● **WHAT IS REQUIRED**
Look for the line with "Báo cáo viên" in the data below, then reproduce word for word that line and every line after it. Leave out all pictures and add nothing.

● **DATA**
□ □ □ □ □
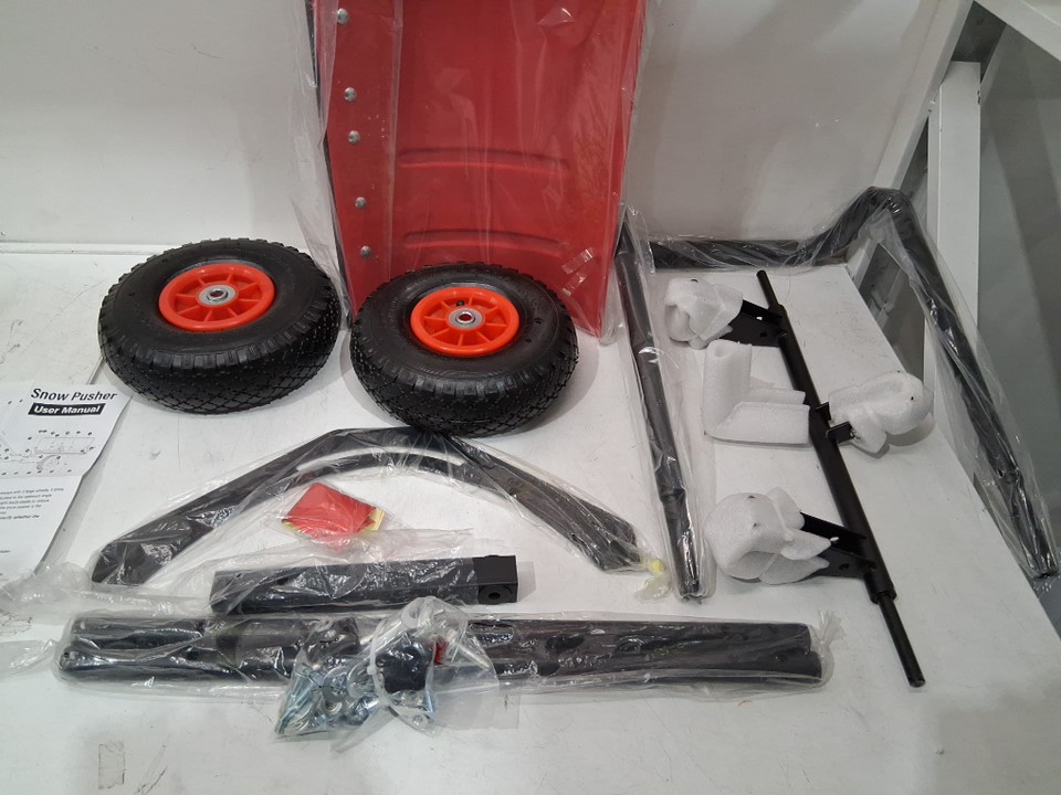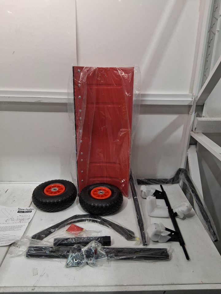 Snow Shovel with Wheels Snow Removal Tool with Metal Blade,Snow plow with Adjustable Handle and Angled Blade - 29" - black / red - (model: 7830n )
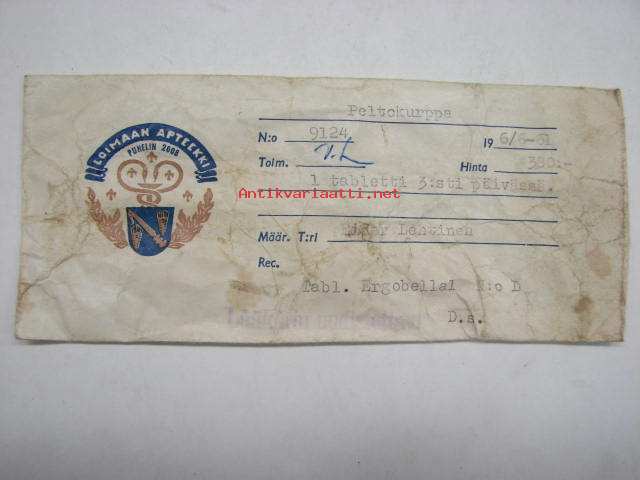 Loimaan Apteekki, 6.6.1961 -apteekkipussi
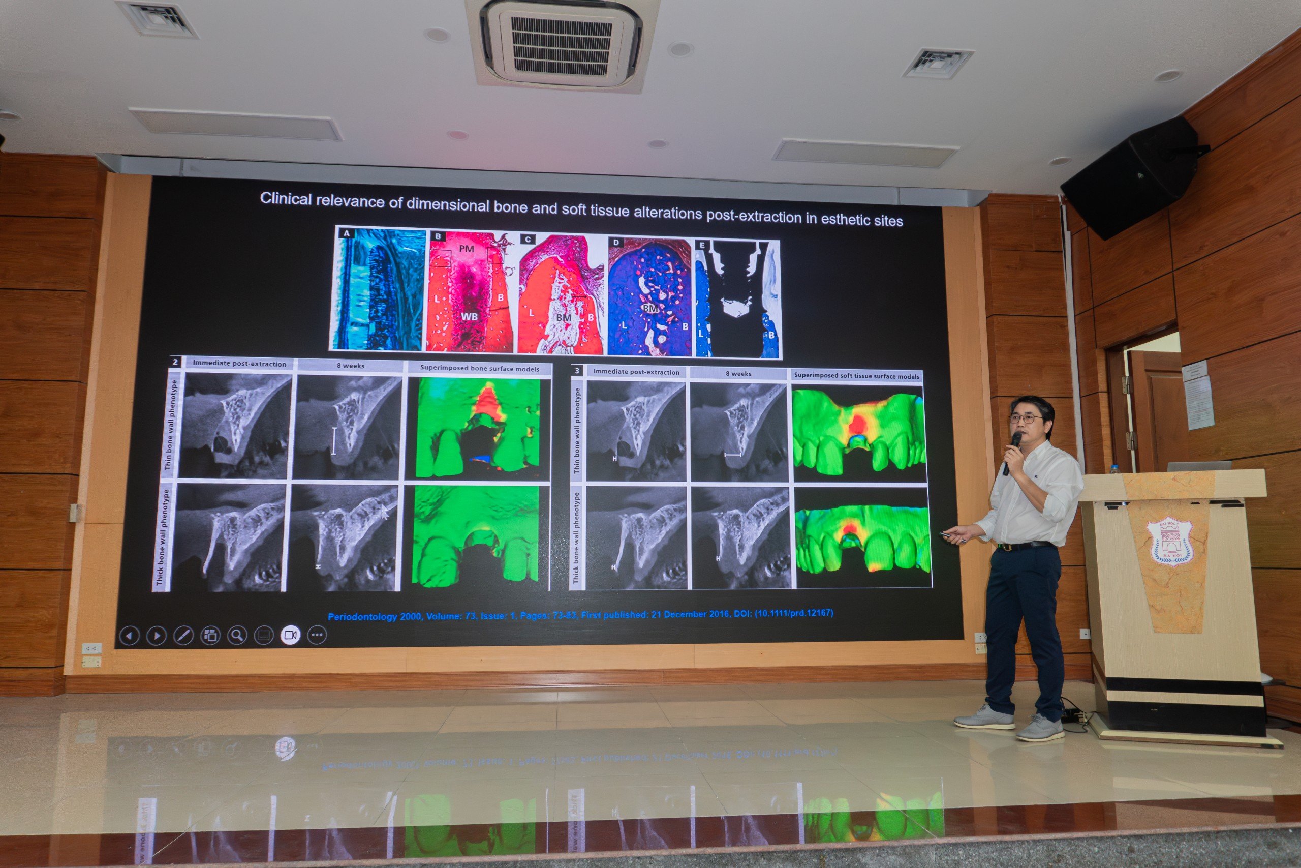 Báo cáo viên PGS. TS. Nguyễn Phú Thắng - Trưởng bộ môn Phẫu thuật miệng, Viện Đào tạo Răng Hàm Mặt, Đại học Y Hà Nội với phần trình bày CẬP NHẬT IMPLANT TỨC THÌ VÙNG THẨM MỸ
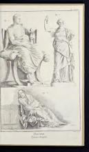 The text labels the drawings as 'Drawing: Draped Figures.' The image illustrates techniques in depicting figures with drapery in classical poses, consistent with artworks designed for teaching artistic techniques in 1777. |
□ □ □ □ □
● **YOUR SOLUTION**
 Báo cáo viên PGS. TS. Nguyễn Phú Thắng - Trưởng bộ môn Phẫu thuật miệng, Viện Đào tạo Răng Hàm Mặt, Đại học Y Hà Nội với phần trình bày CẬP NHẬT IMPLANT TỨC THÌ VÙNG THẨM MỸ
 The text labels the drawings as 'Drawing: Draped Figures.' The image illustrates techniques in depicting figures with drapery in classical poses, consistent with artworks designed for teaching artistic techniques in 1777. |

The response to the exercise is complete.